Foto: Divórcio milionário (Pixabay)
Um divórcio em Salvador envolve a disputa de pelo menos R$ 224 milhões e denúncias de violência doméstica. Segundo informações do colunista Guilherme Amado, do portal PlatôBR, a separação do empresário Lucas Queiroz Abud e de Fabiana Gordilho envolve ainda acusações que colocam em risco o exercício da advocacia.
Casados em 2006 sob comunhão parcial, Fabiana e Lucas Abud mudaram o regime para separação total em 2011, sem que ela recebesse a contrapartida. No ano seguinte, ele vendeu à Estre Ambiental empresas que foram criadas ou tiveram crescimento durante o regime de comunhão. Segundo documentos disponíveis no TJ-SP, a transação foi fechada por R$ 224,2 milhões.
A separação aconteceu em 2019 e, inicialmente, teria sido consensual. Porém, os advogados de Fabiana sustentam que ela assinou o divórcio sob coação. Além disso, relatam episódios de violência doméstica desde 2009, incluindo uma agressão em julho de 2019, nos Estados Unidos. O empresário nega.
A defesa de Abud apresentou à seccional baiana da OAB uma representação contra a defesa de Fabiana, formada pelos advogados Eugenio Krushevsky, Ana Patrícia Dantas Leão e Michelle Santos Alan.
O ponto central seria a suposta inconsistência na data de uma agressão relatada nos EUA. Segundo os advogados de Abud, ele não estava no país na ocasião. Já a defesa de Fabiana alega que os advogados de Abud se baseiam em uma interpretação equivocada de datas devido ao padrão americano (mês antes do dia).
Em resposta, Fabiana defendeu a atuação de seus representantes. “Confio de olhos fechados nos meus advogados. Eles são sérios, éticos e estão comigo desde o início. Lamento as tentativas de desqualificar o trabalho deles e sigo acreditando na Justiça, que, tenho certeza, vai revelar a verdade”, escreveu à coluna do jornalista.
Os advogados do empresário disseram que não comentam o caso fora dos autos. “A defesa de Lucas Abud manifesta o seu repúdio pelo vazamento seletivo e distorcido de informações sob segredo de Justiça e não comentará fora dos autos, como jamais comentou, qualquer aspecto dos temas ali tratados em respeito ao Judiciário, aos menores e às pessoas envolvidas”.

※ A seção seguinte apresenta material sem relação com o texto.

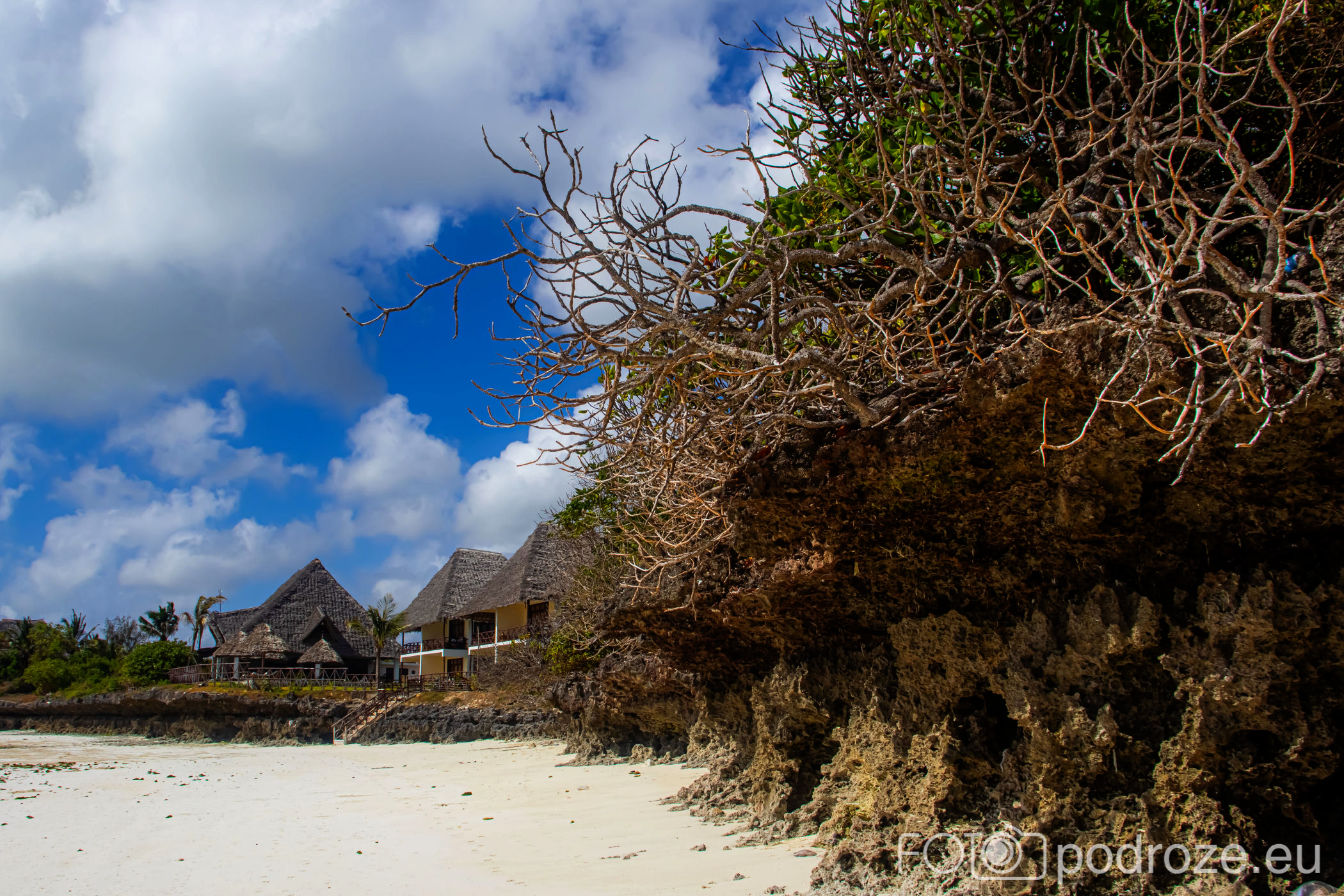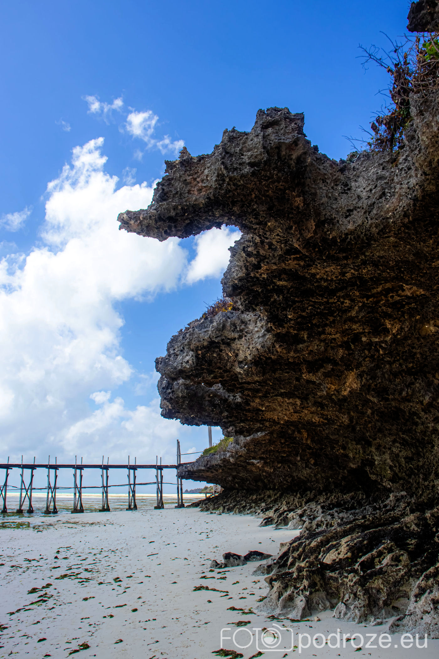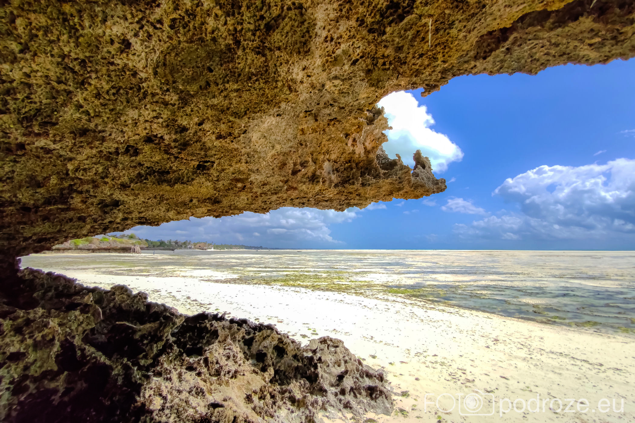 Północna część Jambiani ma łagodne zejście do plaży, co pokazałam Wam już wyżej, ale południowa wygląda kompletnie inaczej. Tu królują kilkumetrowe skały, które fale przypływów dosłownie wyrzeźbiły tworząc z nich podcienia i inne ciekawe kształty. Matka Natura potrafi malować najpiękniejsze pejzaże.

Por sua vez, os advogados de Fabiana divulgaram nota reforçando que as acusações de fraude são “infundadas” e têm como objetivo tumultuar o processo e desqualificar a cliente. Enviaram ao PlatôBR a seguinte nota:
“Por se tratar de um processo que tramita em segredo de Justiça e, sobretudo, em respeito à própria cliente, a defesa não vai divulgar detalhes, evitando que ela continue sendo vítima, inclusive de exposição pública, em um momento já bastante difícil.
Os advogados reafirmam plena confiança na Justiça baiana e seguirão atuando com integridade, lutando pela verdade até o fim, sempre em defesa da dignidade da cliente e de seus filhos. As acusações de suposta fraude processual são totalmente infundadas e buscam tumultuar o processo, confundir os julgadores e expor uma mulher que é vítima nessa situação.
As provas apresentadas pela defesa são contundentes, mas, em razão do sigilo processual, não podem ser tornadas públicas. Nossa cliente já sofreu o bastante apenas por ser mulher. A campanha difamatória dirigida contra nós decorre unicamente do exercício da advocacia, que sempre realizamos de forma ética e responsável, em defesa dessa mulher.
Enquanto nossa cliente não se sentir preparada para tornar público tudo o que aconteceu, continuaremos a protegê-la, certos de que estamos ao lado da verdade”.